Iniciava, assim, o resguardo do parto da mãe, que durava quarenta dias dentro do mosqueteiro. Após o ritual, o bebê não podia mais ser visto por ninguém antes de completar sete dias de vida, podendo ser visto somente pelos padrinhos. Durante esses sete dias, todos os visitantes, após essa data, para ver a criança recém-nacida, tinha que levar dois pedaços de madeira pintada com figuras de animais. Ao chegar, batia com os pauzinhos em cima da criança, fazendo ruído, falando uns dizeres de bem para poder agradá-la e, assim, espantar os maus espíritos. Também, durante as visitas, traziam como presentes machadinhas de barro e madeira, flecha e arcos, entre outros. Conforme as atividades que estes praticavam, esses presentes eram usados também para curar a criança nova.

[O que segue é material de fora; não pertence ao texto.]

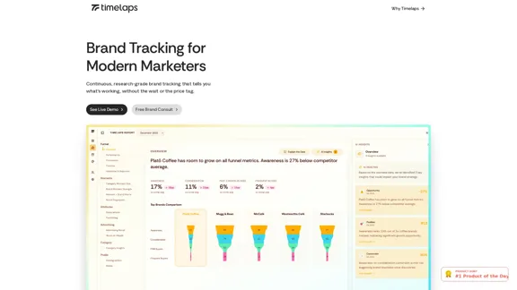 Timelaps offers a continuous, research-grade brand tracking solution powered by AI. Our dashboard collects insights from over 4000 real consumers within your target demographics, assisting you in understanding the effectiveness of your brand campaigns.
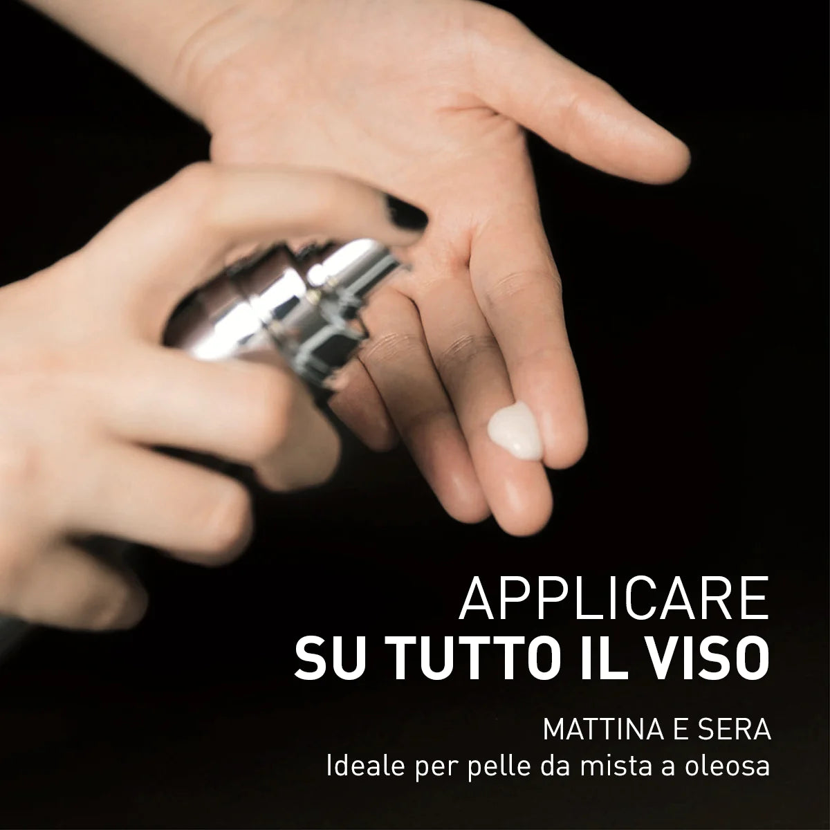Formula arricchita con un complesso perfezionatore anti-effetto lucido + pori ridotti.
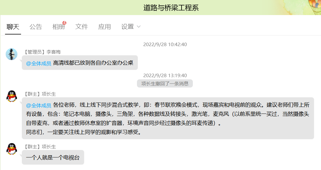 系主任项长生在QQ群及线下对老师们进行了培训,为老师们建议准备相关教学及辅助设备,形象生动地讲解了这种授课方式的过程。全系教师纷纷发挥主观能动性,根据自己课程及授课的特点,准备了笔记本电脑、HDMI高清线、高清摄像头、手写板、无线耳机、无线麦克等混合式授课所需的相关设备,并制定了相关策略。

Devido à crença dos mesmos, quem não fizesse isto ao sair, o espírito do menor podia sair de seu corpo e o mesmo poderia ficar desprotegido e sentiria moléstia. Se o visitante tivesse viso cobra, ele deveria um pau com figura de cobra para que o bebê não sentisse espremeduras. Também era de costume da família fazer pacto com os animais para a criança no futuro ser bom caçador.


Depois de meses, esse material era removido, ficando a criança com a cabeça deformada, achatada. Ressaltamos que esse é considerado como o principal ritual, também chamado de Kanata Kanã, isto é, a “luz” devido a considerarem um nascimento como a espera da luz.


Durante o crescimento da criança, se ela ficasse doente, era banhada debaixo de uma atura “paneiro” pelo pajé, para que a criança ficasse curada. Segundo a cultura, esse paneiro velho, já utilizado, trazia consigo grande sabedoria e forças da natureza, que guardariam o corpo da criança, pois são considerados espíritos de pajés.


Após a remoção da pranchinha, o povo fazia a festa “Murasai”, para comemorar o sucesso do achatamento. As músicas eram cantadas pelos idosos na língua materna Kambeba, que é a língua desse povo. Os instrumentos musicais usados em seus rituais são tamborím, maracá e flauta feita de bambu e sementes. Todos, nessa cultura, praticam a dança, idosos, jovens e crianças.


(Capítulo do livro: Fermin, Eronilde de Souza. 2020. Mumuri kwe awauawa kãnga pewa Aparia' zaú Surimã tawã y - Memórias Vivas do Povo Omágua (Kambeba) de Aparia Grande do Solimões de São Paulo de Olivença. São Luis: UEMA/PPGCSPA.)